After running the algorithm above, the number of enemy relationships that exist *within* one cell or another is at most \(\frac{m}{2}\). This is because, for each prisoner, at least half of that prisoner's enemies are in the other cell. Since this is true for every prisoner, the number of edges (enemy relationships) that go between the cells must be at least \(\frac{m}{2}\).
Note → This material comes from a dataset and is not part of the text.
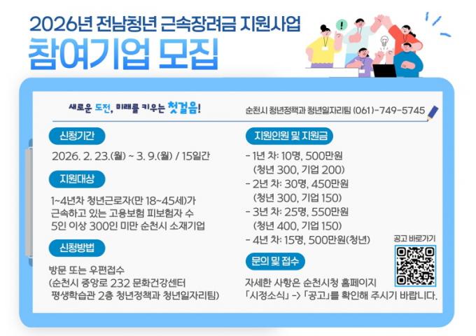 [È£³²µµ¹Î½Å¹® = ÀÓÀ±Áø ±âÀÚ] ¼øÃµ½Ã´Â Áö¿ª û³âµéÀÇ Á¤±ÔÁ÷ Ãë¾÷ ÃËÁø ¹× Àå±â±Ù¼ÓÀ» À¯µµÇϱâ À§ÇØ 2026³â Àü³² û³â ±Ù¼ÓÀå·Á±Ý Áö¿ø»ç¾÷ Âü¿© ±â¾÷À» ¸ðÁýÇÑ´Ù°í ¹àÇû´Ù.

Phew! That's a pretty neat algorithm, but it's also pretty slow and a little complicated to analyze. Come up with a way simpler randomized algorithm that has the same performance in expectation: the number of edges that go between the two cells should be at least \(\frac{m}{2}\), on average. Your randomized algorithm should be faster than \(O(m^2)\) time.

- Describe your algorithm.
- Explain why the number of enemies within either cell will be at most \(m/2\), on average, after running your algorithm.
- Analyze the worst-case big-O running time of your algorithm.